— TASK BRIEF —
Write out all of the records exactly once more and skip the images.
::: RECORDS :::
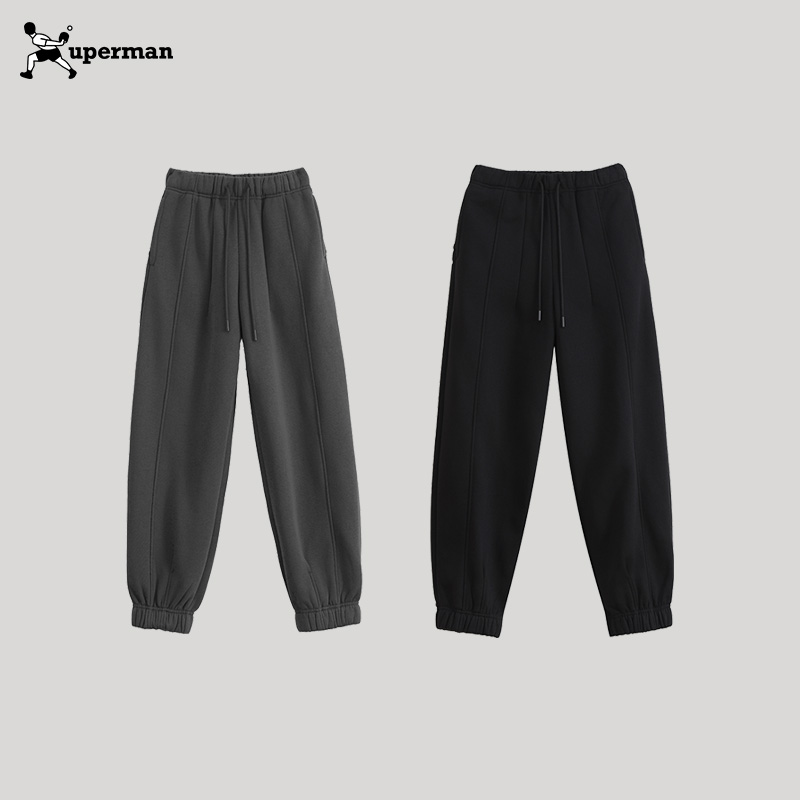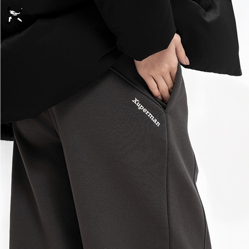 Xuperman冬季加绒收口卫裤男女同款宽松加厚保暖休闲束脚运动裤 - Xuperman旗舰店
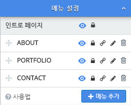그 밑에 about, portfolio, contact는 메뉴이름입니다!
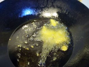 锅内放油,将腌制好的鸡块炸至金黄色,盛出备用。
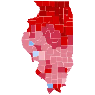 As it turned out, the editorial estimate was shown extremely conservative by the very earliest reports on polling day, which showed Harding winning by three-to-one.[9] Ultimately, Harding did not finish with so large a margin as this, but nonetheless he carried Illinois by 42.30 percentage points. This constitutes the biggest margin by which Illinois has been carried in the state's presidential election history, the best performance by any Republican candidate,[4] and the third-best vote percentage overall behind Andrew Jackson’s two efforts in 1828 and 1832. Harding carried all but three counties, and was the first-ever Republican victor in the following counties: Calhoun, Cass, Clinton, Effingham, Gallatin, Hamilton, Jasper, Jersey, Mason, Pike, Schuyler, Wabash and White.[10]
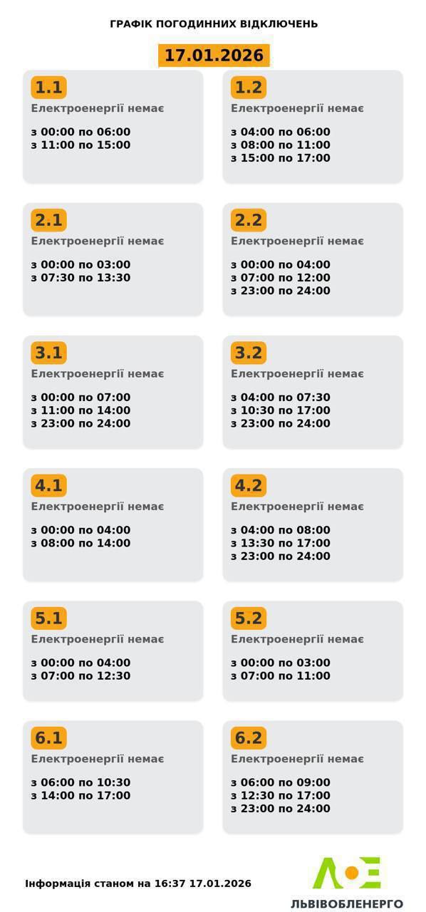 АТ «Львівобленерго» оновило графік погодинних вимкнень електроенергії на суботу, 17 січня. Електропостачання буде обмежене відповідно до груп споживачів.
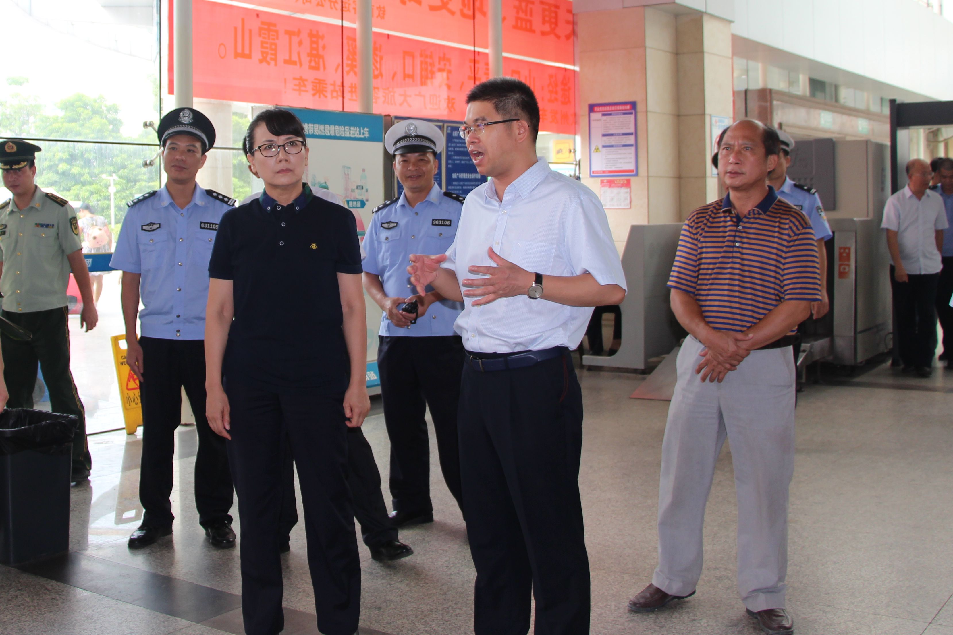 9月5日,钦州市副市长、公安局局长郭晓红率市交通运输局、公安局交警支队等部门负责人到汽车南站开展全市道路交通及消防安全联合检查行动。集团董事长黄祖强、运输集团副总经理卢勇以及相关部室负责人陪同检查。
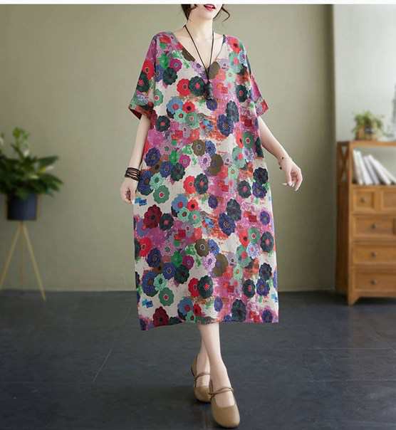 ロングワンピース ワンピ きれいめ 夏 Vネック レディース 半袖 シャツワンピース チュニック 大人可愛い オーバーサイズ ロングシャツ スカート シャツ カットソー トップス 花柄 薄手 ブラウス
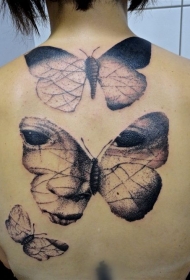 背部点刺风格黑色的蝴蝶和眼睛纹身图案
:::
— SOLUTION TO THE PROBLEM —
 Xuperman冬季加绒收口卫裤男女同款宽松加厚保暖休闲束脚运动裤 - Xuperman旗舰店
그 밑에 about, portfolio, contact는 메뉴이름입니다!
 锅内放油,将腌制好的鸡块炸至金黄色,盛出备用。
 As it turned out, the editorial estimate was shown extremely conservative by the very earliest reports on polling day, which showed Harding winning by three-to-one.[9] Ultimately, Harding did not finish with so large a margin as this, but nonetheless he carried Illinois by 42.30 percentage points. This constitutes the biggest margin by which Illinois has been carried in the state's presidential election history, the best performance by any Republican candidate,[4] and the third-best vote percentage overall behind Andrew Jackson’s two efforts in 1828 and 1832. Harding carried all but three counties, and was the first-ever Republican victor in the following counties: Calhoun, Cass, Clinton, Effingham, Gallatin, Hamilton, Jasper, Jersey, Mason, Pike, Schuyler, Wabash and White.[10]
 АТ «Львівобленерго» оновило графік погодинних вимкнень електроенергії на суботу, 17 січня. Електропостачання буде обмежене відповідно до груп споживачів.
 9月5日,钦州市副市长、公安局局长郭晓红率市交通运输局、公安局交警支队等部门负责人到汽车南站开展全市道路交通及消防安全联合检查行动。集团董事长黄祖强、运输集团副总经理卢勇以及相关部室负责人陪同检查。
 ロングワンピース ワンピ きれいめ 夏 Vネック レディース 半袖 シャツワンピース チュニック 大人可愛い オーバーサイズ ロングシャツ スカート シャツ カットソー トップス 花柄 薄手 ブラウス
 背部点刺风格黑色的蝴蝶和眼睛纹身图案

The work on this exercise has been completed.